The Humpherys Family

Portugee Phillips and the Fighting Sioux

Record Added: 12/26/2013
Author 
Illustrator 
Series The American Adventure Series
Setting United States
Topic Biography
 History: Western Expansio
Publisher Row, Peterson, and Compan
ISBN B001QRU3P8   Year 1960
Age 9-12   Pages 172
Description Printed binding
 
The Fetterman Fight was a battle during Red Cloud's War on December 21, 1866, between the Lakota, Cheyenne, and Arapaho Indians and soldiers of the United States army. All 81 men under the command of Captain William J. Fetterman were killed by the Indians. It was, at the time, the worst military disaster ever suffered by the U.S. on the Great Plains. The battle led to an Indian victory in the war and the withdrawal of the United States from the war.

In June 1866, Colonel Henry B. Carrington advanced from Fort Laramie into the Powder River country, the hunting grounds of the Lakota, Northern Cheyenne, and Northern Arapaho. His objective was to protect emigrants traveling the Bozeman Trail. Carrington had 700 soldiers and 300 civilians under his command. He established three forts along the trail, including his headquarters at Fort Phil Kearny, near present day Buffalo, Wyoming. About 400 of the soldiers and most of the civilians were stationed at Fort Kearny.

Counting Fetterman and his men Carrington's casualties in less than six months at Fort Kearny were 96 soldiers and 58 civilians dead. He still had more than 300 soldiers inside the walls of Fort Kearny.

Carrington prepared for an attack on the fort that evening after the Fetterman fight, ordering all his men to stand watch, three to a porthole. All extra ammunition and explosives were deposited in a powder magazine ringed with wagons. If the Indians attacked, the ten women and children at the fort were ordered to get into the magazine. Soldiers were told that in the last extremity they were to retreat to the magazine. Carrington would then blow up the magazine to ensure that no whites remained alive to be captured by the Indians.

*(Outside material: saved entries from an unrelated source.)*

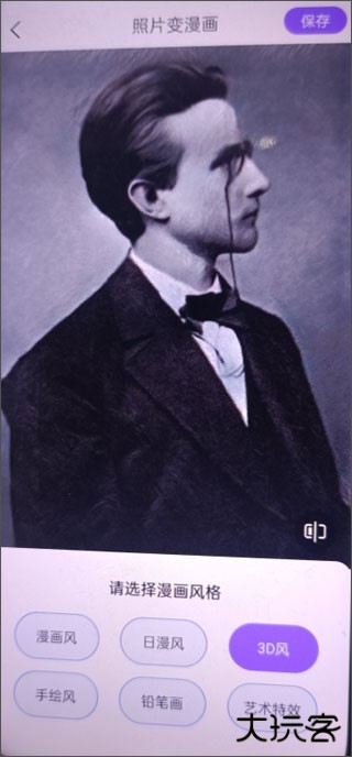 2、在相册中选择一张照片,然后选择漫画的风格,弄好之后点击右上角的保存按钮即可。
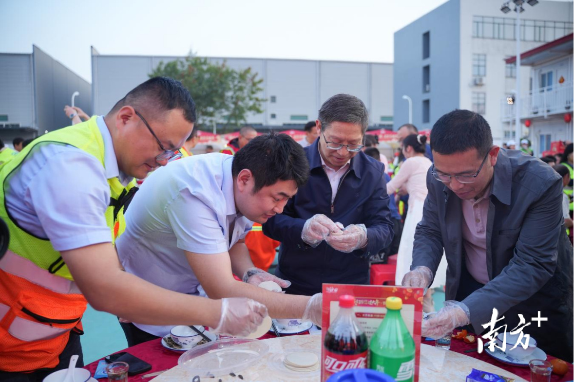 精彩演出、包饺子、围餐团年饭、播放电影……环节一项接着一项展开,工地的节奏慢了下来,气氛也越来越热闹。对不少常年在外奔波的建设者来说,这是难得坐下来、热热闹闹过小年的时刻。
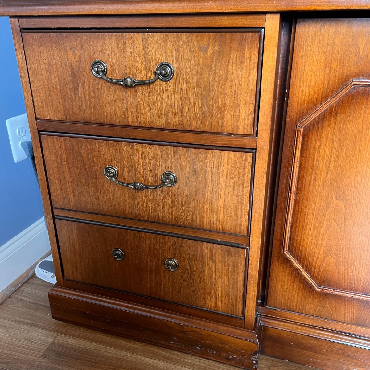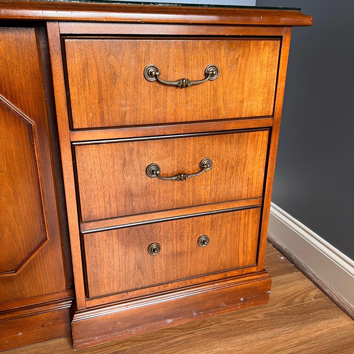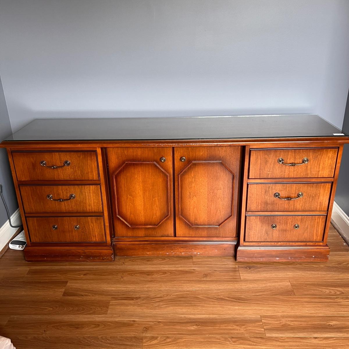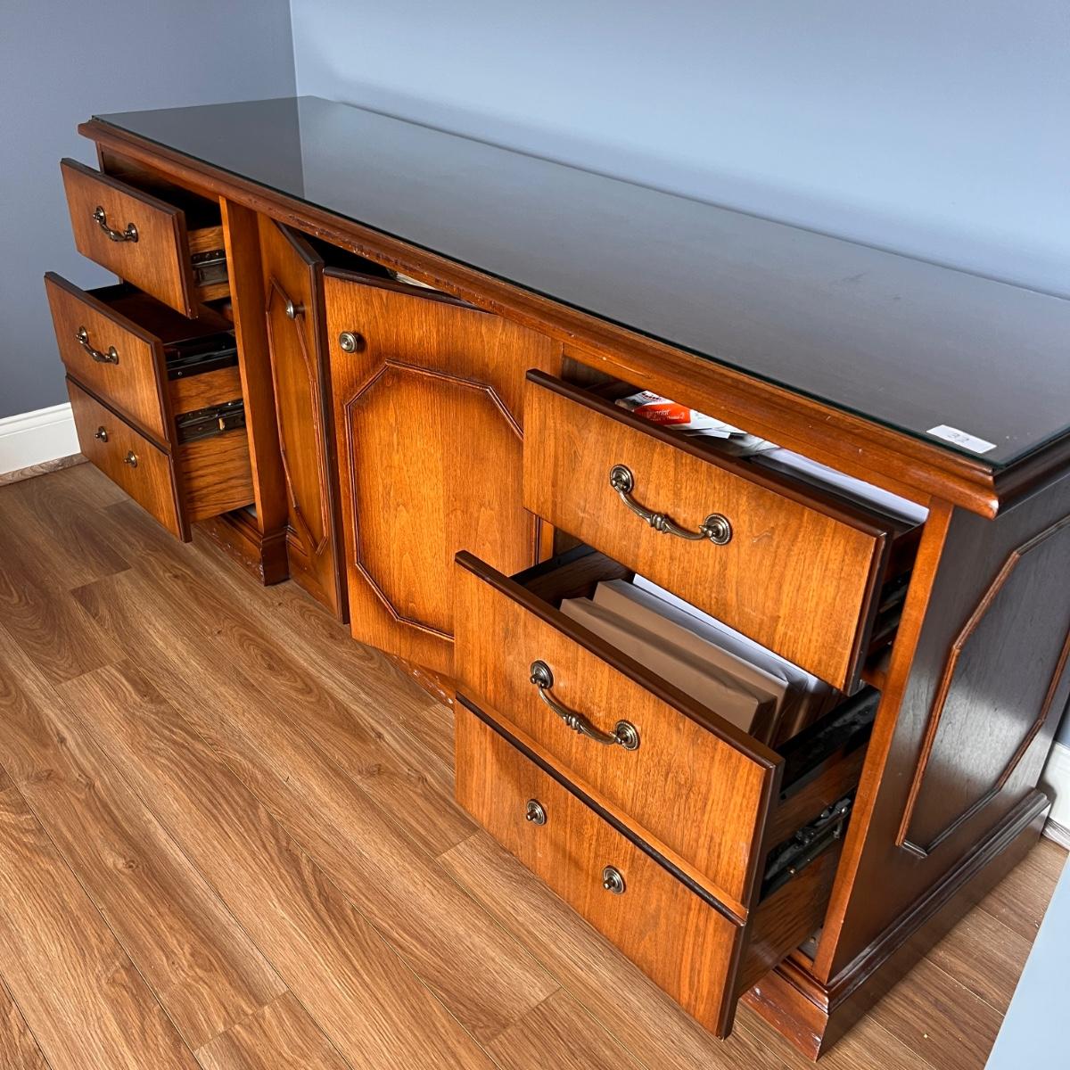 This is a high quality piece of furniture with cabinet storage, 4 drawers 2 of which have hanging folder hardware. It has raised panels and a protective piece of glass on top. It does have quite a few scratches and nicks as shown in the pictures. Some of which have been touched up. Its also missing bottom handles on the bottom larger drawers on each side. See all the pictures.

A civilian, John "Portugee" Philips," volunteered to carry a distress message to Fort Laramie. Carrington's message to General Cooke told of the Fetterman disaster and requested immediate reinforcements and repeating Spencer carbines. Carrington sent Phillips and another messenger, Philip Bailey, out that evening on the Fort's best remaining horses. Philips accomplished the 236 mile ride to Fort Laramie in four days. A blizzard began on December 22, and Philips rode through a foot of snow and below-zero temperatures. He never saw a single Indian during his ride. He arrived at Fort Laramie late in the evening on December 25 during a full-dress Christmas ball, and staggered, exhausted, into the party to deliver his message.